Baichuan2 是由百川智能开发的开源可商用的大规模预训练语言模型，基于 Transformer 结构，支持中英双语，上下文窗口长度为 4096。目前支持Baichuan2-7B和Baichuan2-13B模型，参数量分别为70亿和130亿。本仓库提供了Baichuan2-7B和Baichuan2-13B预训练模型。

代码结构介绍¶

Baichuan2 基于 mindformers 实现，主要涉及的文件有：

模型具体实现：research/baichuan2

baichuan2
    ├── baichuan2_tokenizer.py       # tokenizer
    ├── baichuan2_7b.py              # 7B模型实现
    └── baichuan2_13b.py             # 13B模型实现

模型配置：research/baichuan2

baichuan2
    ├── run_baichuan2_7b.yaml             # 7B全量微调910a启动配置
    ├── run_baichuan2_13b.yaml            # 13B全量微调910a启动配置
    ├── run_baichuan2_7b_910b.yaml        # 7B全量微调910b启动配置
    └── run_baichuan2_13b_910b.yaml       # 13B全量微调910b启动配置

数据处理脚本和任务启动脚本：research/baichuan2

baichuan2
    ├── belle_preprocess.py            # belle数据集预处理脚本
    └── run_baichuan2.py               # baichuan2高阶接口使用脚本

环境要求¶

硬件：Ascend 910A
MindSpore：2.0.0 / 1.10.1
MindFormers版本：dev

注：Baichuan2-7B推理可在单机单卡上完成部署，全量微调至少需要16卡。

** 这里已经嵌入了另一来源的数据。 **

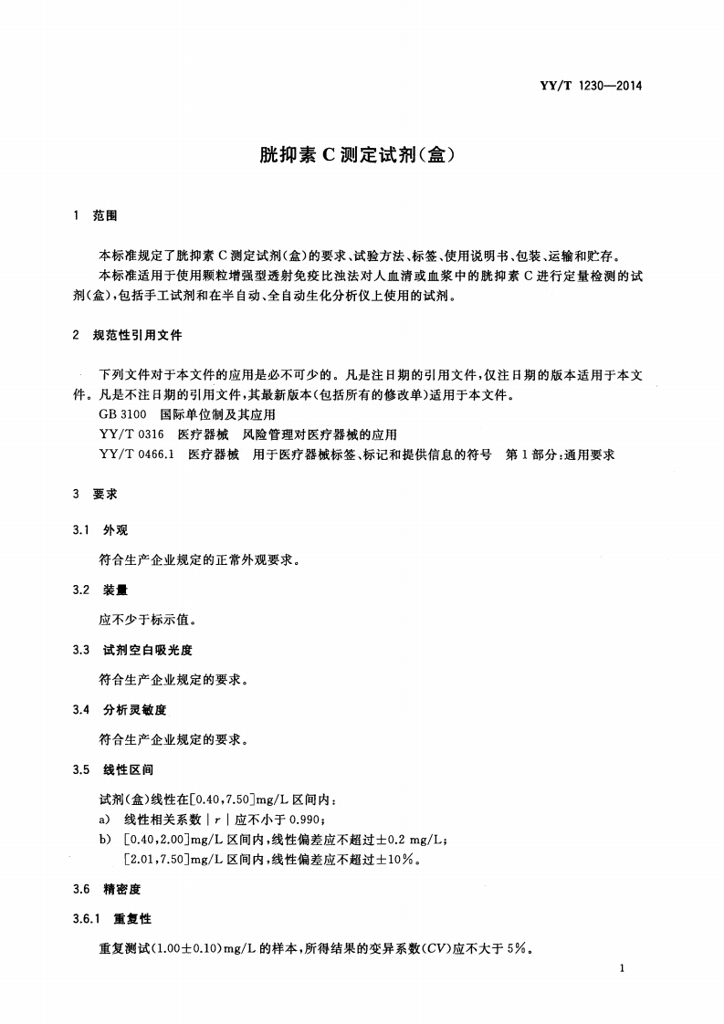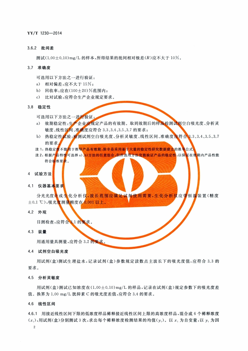 半胱氨酸蛋白酶抑制剂C检测试剂(盒)CystatinCdetectionreagentkit348072@abc3天前发布关注私信2.85MB11页028半胱氨酸蛋白酶抑制剂C检测试剂(盒)CystatinCdetectionreagentkit此内容为付费资源,请付费后查看¥13¥19黄金会员免费钻石会员免费立即购买您当前未登录!建议登陆后购买,可保存购买订单付费资源 第1页 / 共11页 第2页 / 共11页 第3页 / 共11页 第4页 / 共11页 第5页 / 共11页 试读已结束,还剩6页,您可下载完整版后进行离线阅读 THE END标准规范 文本预览 ICS11.100C44YY中华人民共和国医药行业标准YY/T1230-2014胱抑素C测定试剂(盒)Cystatin C test reagent kit2014-06-17发布2015-07-01实施Φ国家食品药品监督管理总局发布 查看更多 收起部分 喜欢就支持一下吧收藏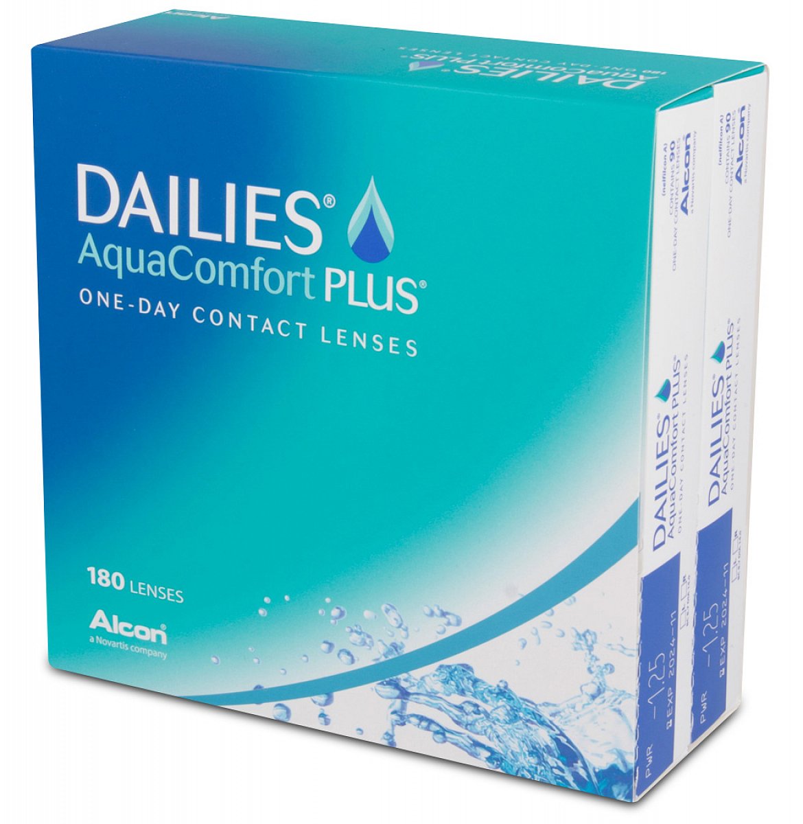 V balení se nachází 180 kusů jednodenních kontaktních čoček Dailies AquaComfort Plus.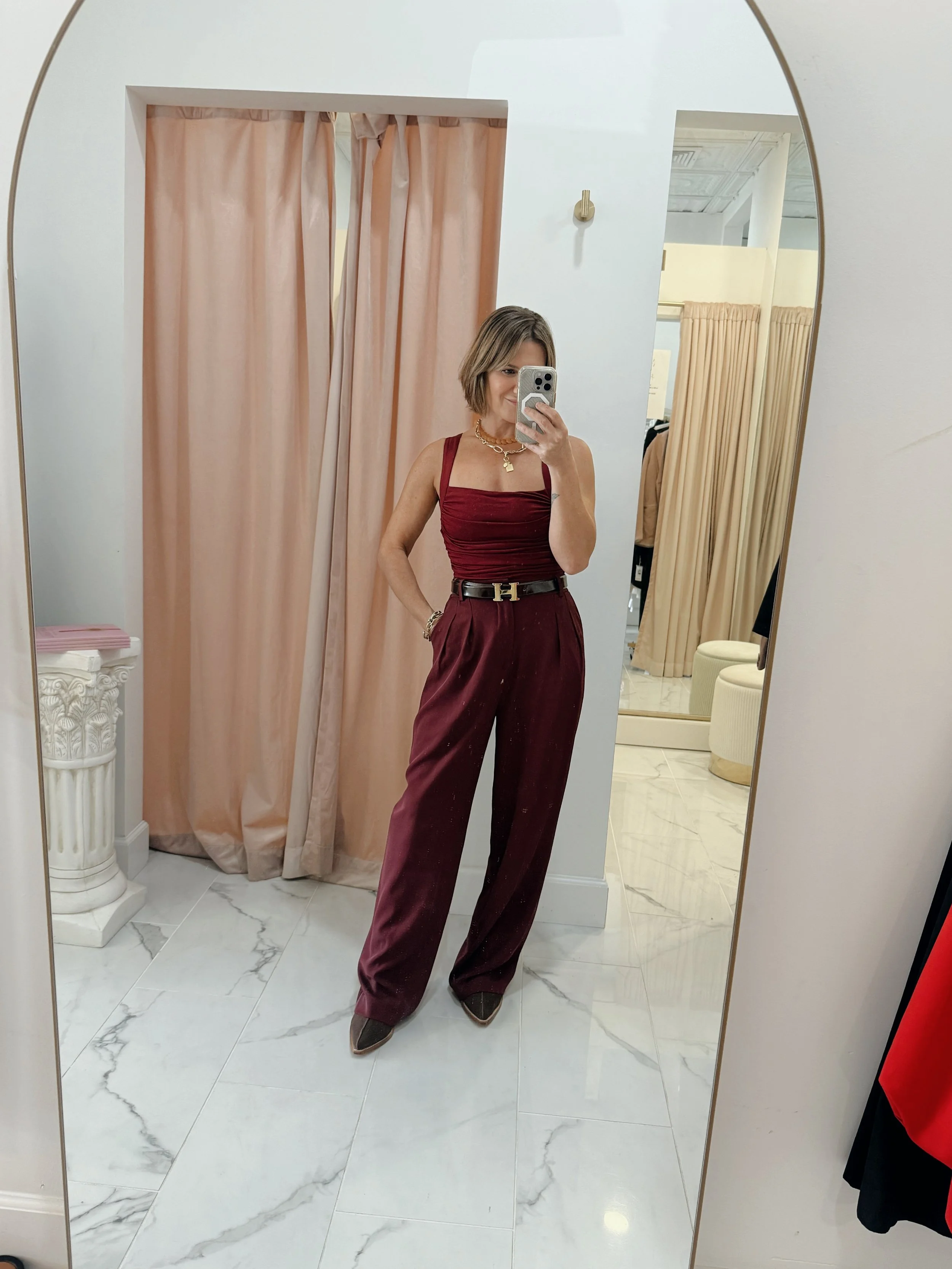 I think it’s hilarious when a color is a trend. Call it cabernet, merlot, garnet or just deep red - burgundy is the anchor color of the Autumn 2025. From sleek trousers to silk camisoles, burgundy pairs beautifully with neutrals, denim, and other autumn tones.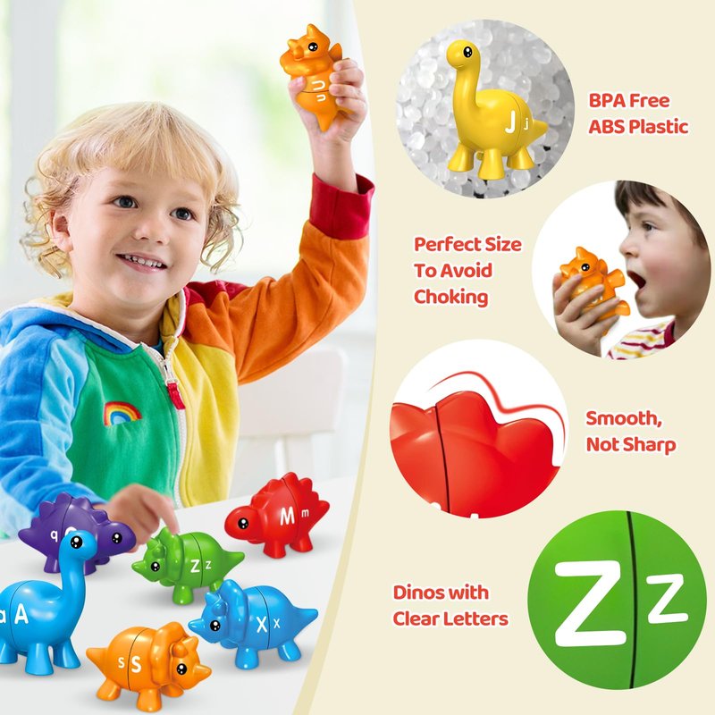 - Perfect Gift Idea: Beautifully packaged and adorably designed, this alphabet matching dinosaur toy makes an excellent gift for birthdays, Thanksgiving, Christmas, or New Year celebrations. It supports fine motor skill enhancement and cognitive development while children play.

Baichuan2-13B推理至少需要4卡，全量微调至少需要16卡。

权重准备¶

本仓库提供已经转换完成的预训练权重用于训练/微调/推理，用户可自行从下方链接拉取后直接使用，Base用于微调，Chat用于推理。

也可选择从huggingface下载预训练权重后根据以下步骤进行权重转换，需要下载整个工程，huffingface权重的链接如下：

注: 请安装torch=2.0.0和transformers=4.29.2版本

pip install torch==2.0.0 -i https://pypi.tuna.tsinghua.edu.cn/simple
pip install transformers==4.29.2 -i https://pypi.tuna.tsinghua.edu.cn/simple

下载完成后，运行/research/baichuan/convert_weight.py转换脚本，将huggingface的权重转换为完整的ckpt权重。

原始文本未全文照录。